We had an infestation once. It was horrible as the rats made nests in tunnels in the ground. My husband got 5 gallon buckets with secure lids and drilled a very tiny hole only large enough for a mouse to squeeze through. Inside he put in a bowl that was secured to the bucket so that it could not be moved. He bought the tomcat mouse bait from the local feed supply store. Put pieces of that inside the bowl inside the bucket with the secure lid on it. He then placed the buckets near but safely away from the chicken houses. It drew the mice to it and they ate the bait. We got rid of the mouse problem that way. Chickens will eat mice so you don't want them to get one that has eaten the mouse bait. That was the reason he placed the buckets a safe distance behind the chicken houses and runs. We did not let them free range while we had the buckets out.
The mice can smell the bait and will go to it. We had to do this in the horse barn also. Where ever there is feed they will become a problem. You also want to cut back on having chicken feed out all the time. Choose Specific morning and evening feeding times for a bit until you get things under control.
 
Good point!

Had a sit down with a professional exterminator a few months back and one of the things he mentioned was to lure the rats away from their current food source by setting up bait feeding stations well away from where they are a problem now. Basically relocating / redirecting them away from the chickens/hogs/feed mill, barn, warehouse, etc. where they have become a problem. This is concurrent with getting control of the waste food etc. where they were being a problem. So their current food source dries up and is replaced by another some distance away.
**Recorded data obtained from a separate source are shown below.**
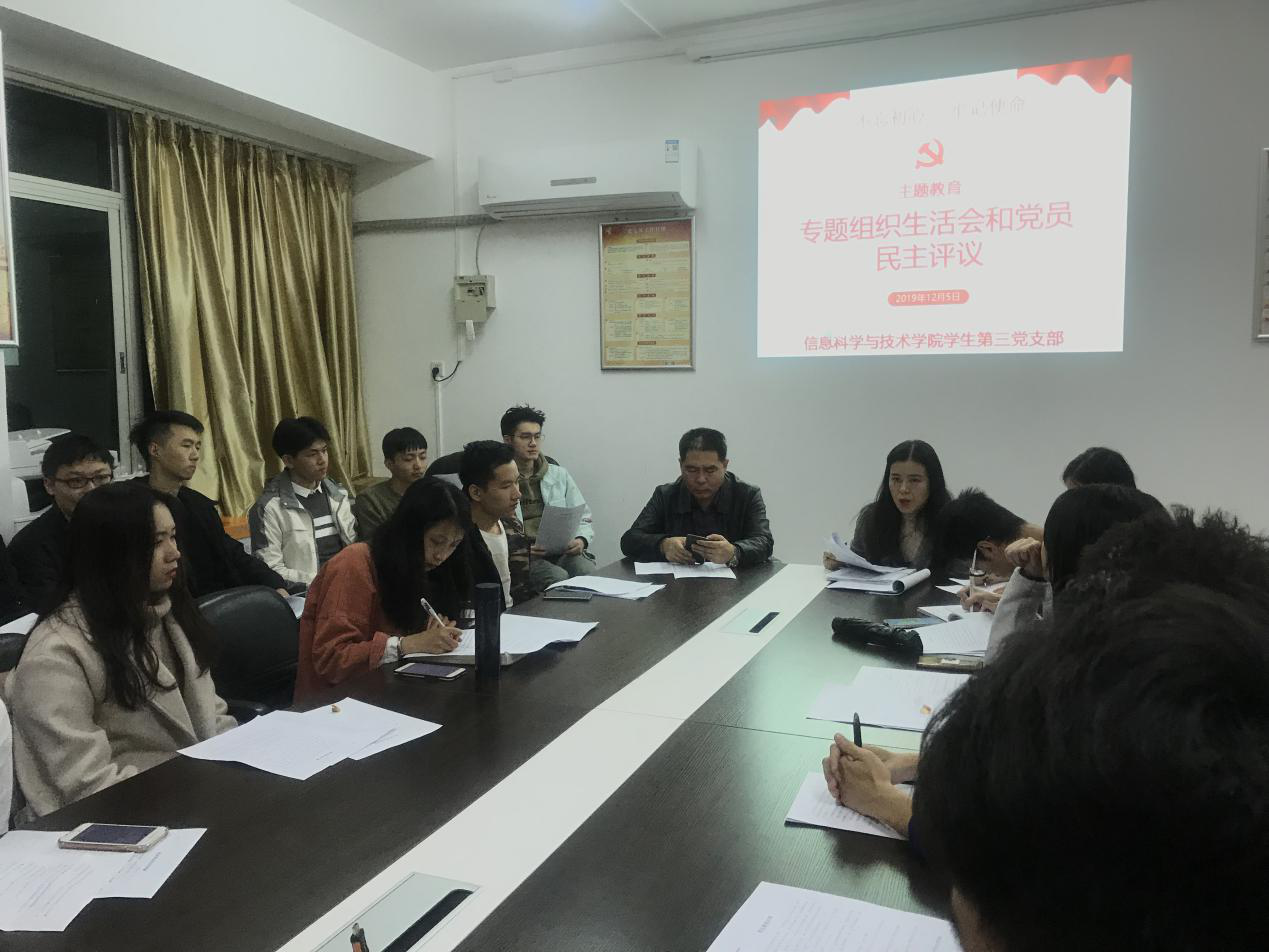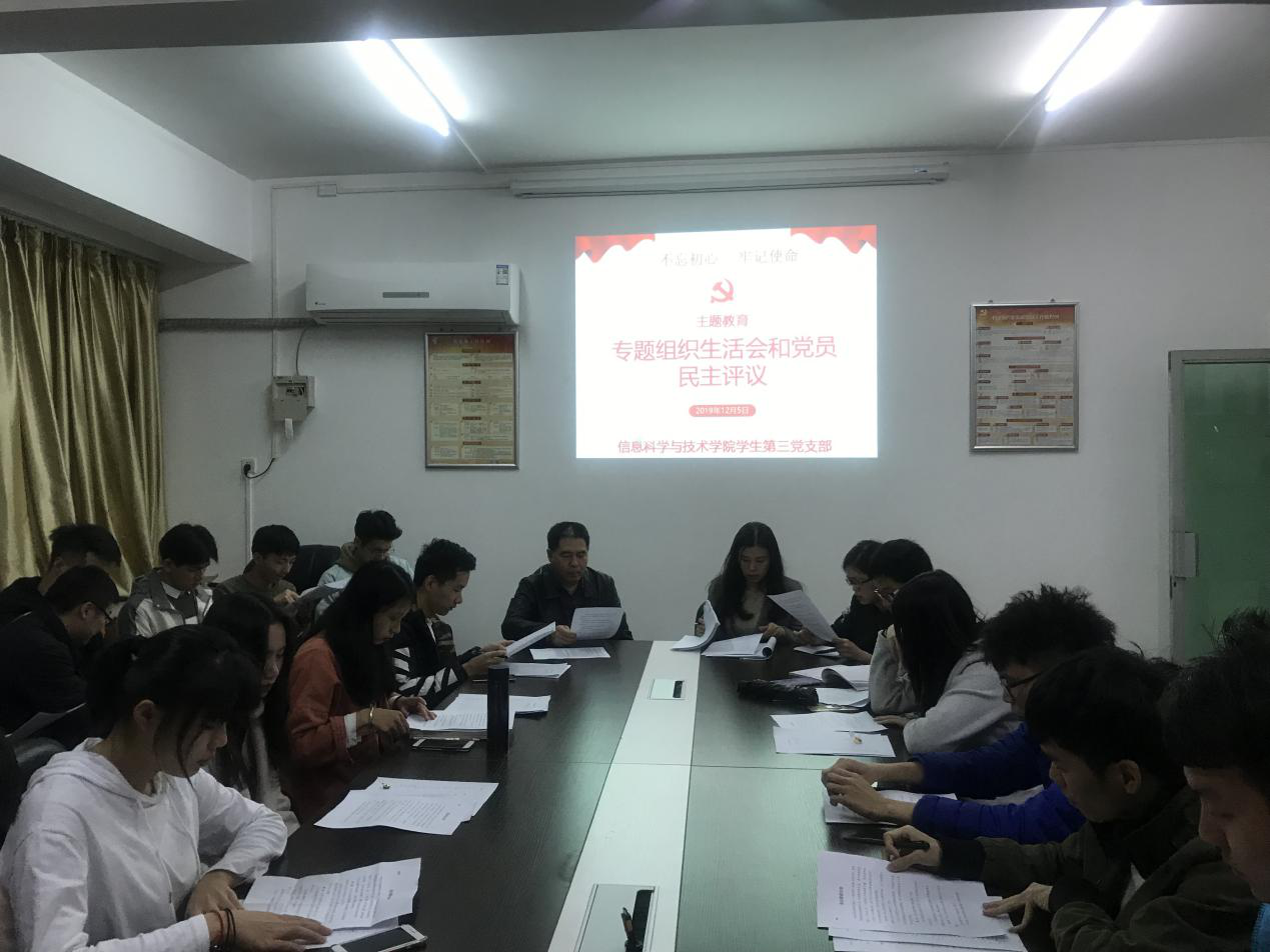 根据习近平总书记关于“不忘初心、牢记使命”主题教育重要讲话和重要指示精神,按照《关于第二批主题教育单位基层党组织召开专题组织生活会和开展民主评议党员的通知》要求,结合支部工作实际,12月5日,我院学生第三党支部在教学楼东312召开“不忘初心、牢记使命”专题组织生活会暨民主评议党员大会。学校党委委员、教务处处长石玉强出席,学院学生第三党支部全体党员参加。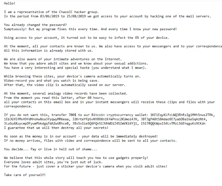 Have you received an Email saying they are representative ChaosCC Hacker Group of have evidence of lewd or offensive acts you have been doing and asking you to send money to a bitcoin address? Do you want to find out if it is a scam or legit mail? Read this review to find out!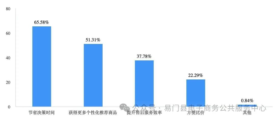 ´ÓÏû·ÑÕßµÄÌåÑé¸ÐÊÜÀ´¿´£¬½ÚÊ¡¾ö²ßʱ¼ä¡¢»ñµÃ¸ü¶à¸öÐÔ»¯ÍƼö¡¢ÌáÉýÊÛºóЧÀÍЧÂÊÊÇÄ¿½ñÏû·ÑÕß¶ÔAIµçÉ̹¤¾ßÓÅÊÆµÄ×î´ó¸ÐÊÜ¡£µ÷ÑÐÊý¾ÝÏÔʾ£¬ÔڿɶàÑ¡µÄÇé¿öÏ£¬ÕâÈýÏîÑ¡ÔñÕ¼±È»®·ÖΪ65.58%¡¢51.31%ºÍ37.78%¡£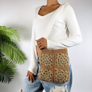 Vintage Y2K Tan Crochet Cottagecore Shoulder Bag Knit Boho Coastal Grandma Purse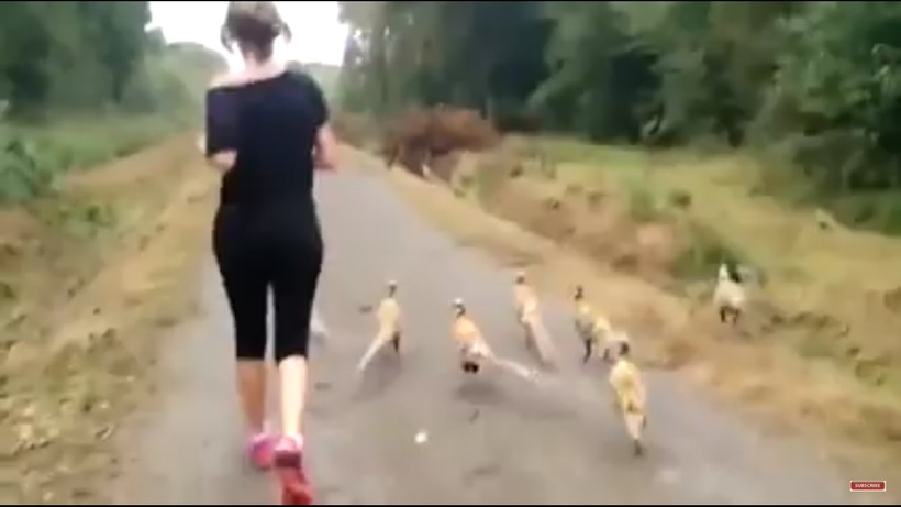 Утренняя пробежка героини этого видео превратилась в сцену из фильма: она пытается убежать от фазанов-преследователей.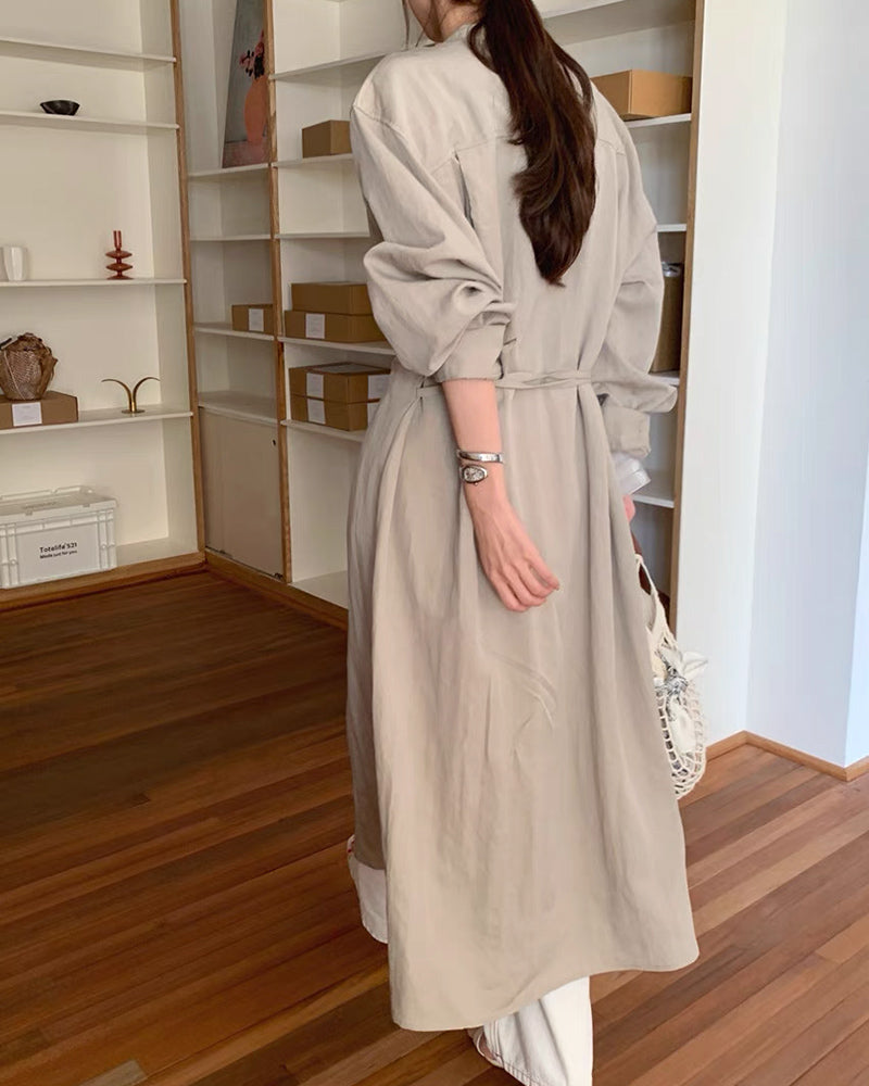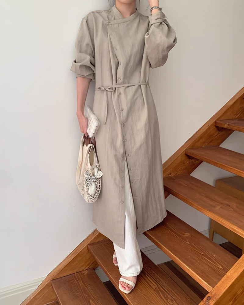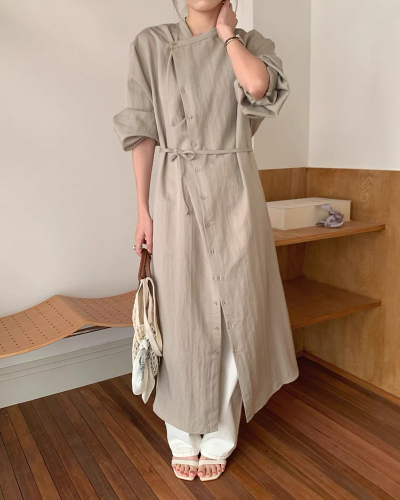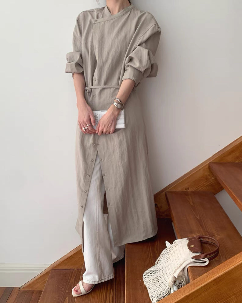 パンツとレイヤードして、裾側のボタンをいくつか開けてスリットのようにして抜け感を出した着こなしがおすすめです◎
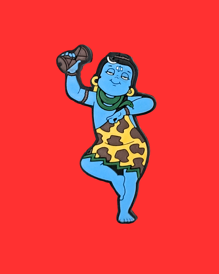 This funky keychain shows Little Shiva in a joyous dancing pose, complete with damaru and tiger skin attire. A fun take on the cosmic dancer, Nataraja, it's crafted from high-quality moulded rubber and makes a unique accessory for spiritual seekers and kids alike.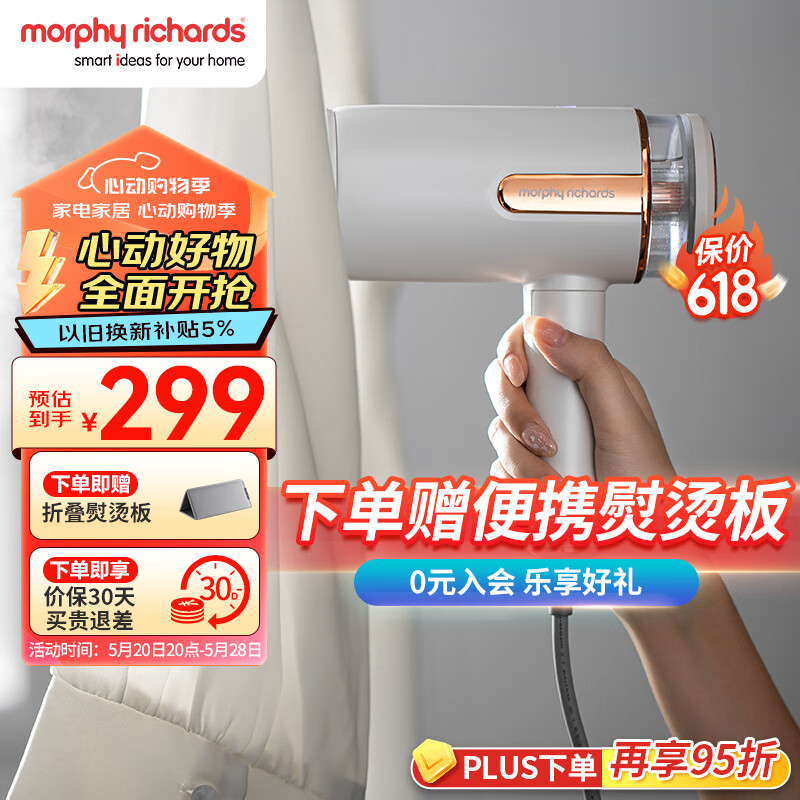 摩飞电器(Morphyrichards)手持挂烫机家用蒸汽电熨斗熨烫机 小型迷你旅行便携式烫衣服神器MR2031白价格:349.00元!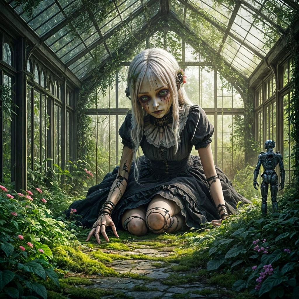 This image shows a giant marionette doll with white hair and a gothic dress in an overgrown greenhouse. A cyberpunk robot watches silently in this detailed, painterly, surreal scene.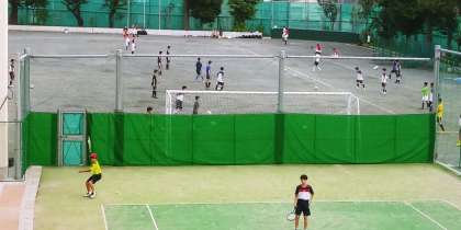 また、校庭では3つの部活動が練習しています。手前から、男子ソフトテニス部、サッカー部、野球部(奥で見ずらいと思いますが)の練習風景です。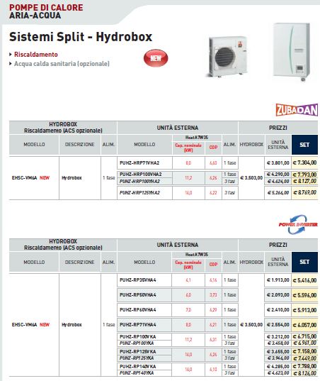 Power inverter 4 kW nominale a 7°, la più piccola splittabile con sistema idronico 1900€ (solo macchina esterna)+ 1000€ caldaia + installazione compresa canna fumaria e oneri fornitura puoi andare a pareggiare tranquillamente la maggior spesa per una Zubadan.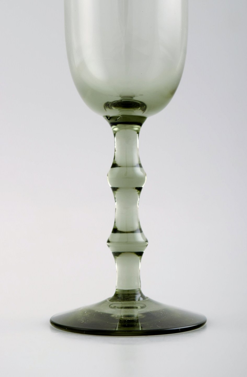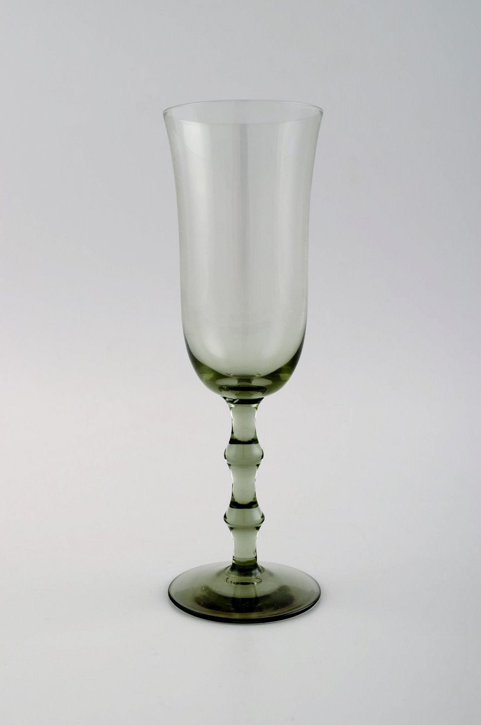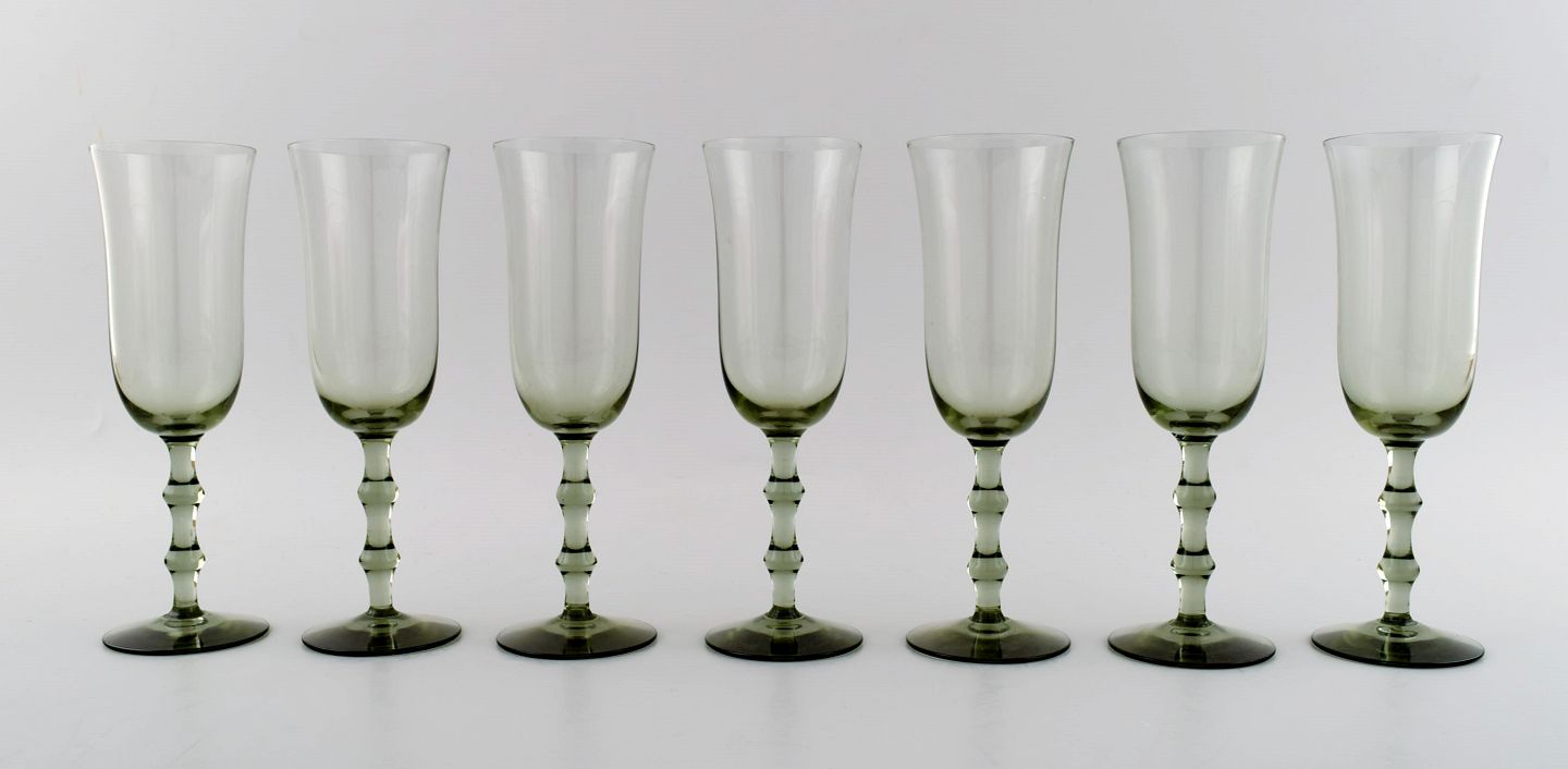 SIMON GATE for Orrefors, Et sæt på syv røgfarvede champagne kunstglas. Designer: Simon Gate Serie: Salut Producer: Orrefors Land: Sverige Designet: 1923 Størrelse: Højde 19 cm, diameter 6 cm.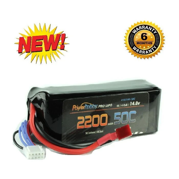 All racers know, the most important factor for your batteries is stable voltage under load. These Powerhobby 4S 2200mAh 14.8V 50C / 100C Lipo Battery packs are meant to power your RC Car, Truck, Boat, Helicopter or quad for peak performance. Each pack is equipped with Deans/ T connectors and JST-XH style balance connectors.
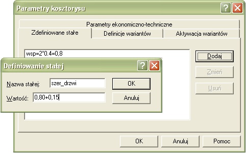 | Rys.1. Definicja stałej globalnej w kosztorysie |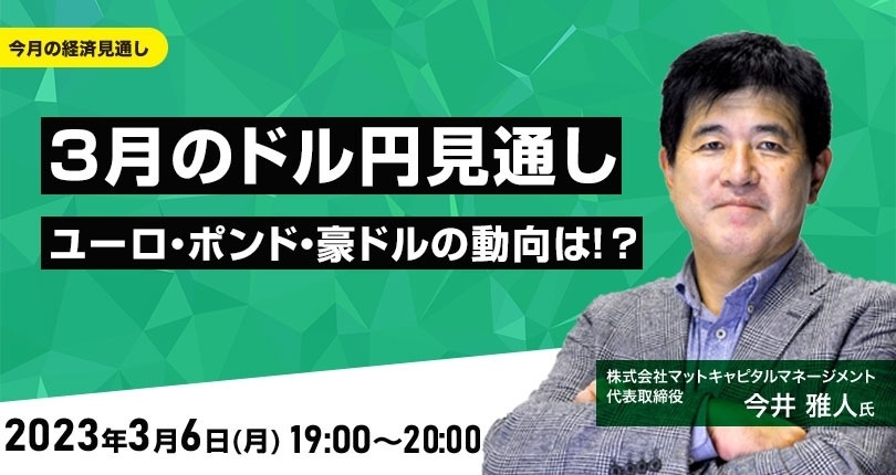 FX・為替 WEBセミナー 外為どっとコム主催「3月のドル/円見通し ユーロ、ポンド、豪ドルの動向は!?」 3月06日|月| 19:00-20:00 銀行ディーラー時代の輝かしい実績を持つ「マット今井」こと今井雅人氏による恒例の経済・為替相場の解説セミナーです。各通貨の具体的な展開を今井節で明快に解説します。 【講演】 「3月のドル/円見通し ユーロ、ポンド、豪ドルの動向は!?」 【講師】 今井 雅人 【日程】 3月06日(月) 【時間】 19:00-20:00 【会場】 [ WEB ] WEB 【料金】 無料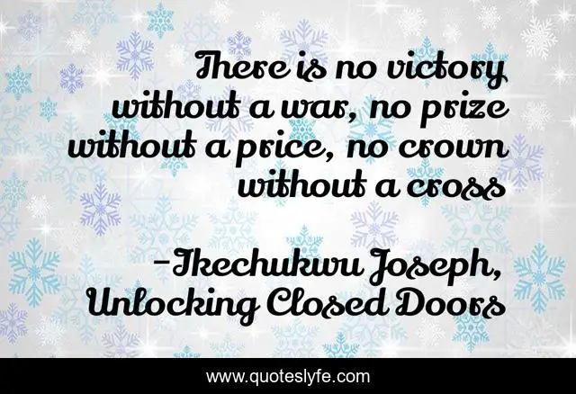 This page presents the quote "There is no victory without a war, no prize without a price, no crown without a cross". Author of this quote is Ikechukwu Joseph, Unlocking Closed Doors. This quote is about spirtual-warfare, christian-living,.

Then, once the food out yonder is being consumed at a steady rate, it is taken up and replaced with the poison bait blocks. So with nothing else to eat, they will consume and immediately start to succumb to the poison, but do so out at a safe distance from where they were. This is doubly important when the have infested a building and you don't want them dying in your building.
 
Rats are smart and have been around for eons and eons. They don't live that long by being dumb.

I had a roof rat problem when I lived in the city. I purchased an electric rat zapper, caught one and only one. The others learned to stay away from it. I then tried the big rat trap, the kind that snap shut? I caught one and only one, again they learned. Finally put out poison......no more roof rats.
 
I would make a few "stairway to heaven" rat/mouse traps out of 5 gallon buckets.
You can catch lots in a single night. Google it.
I would not use poison.
Start planning your new coop but keep the old one for a quarantine building.
Put the new one somewhere it won't sink into the ground.
We'v had great luck with the water bucket. We noticed them dead in the goat's water pail so we set one up next to a support board near the ground. We caught 8 in one night.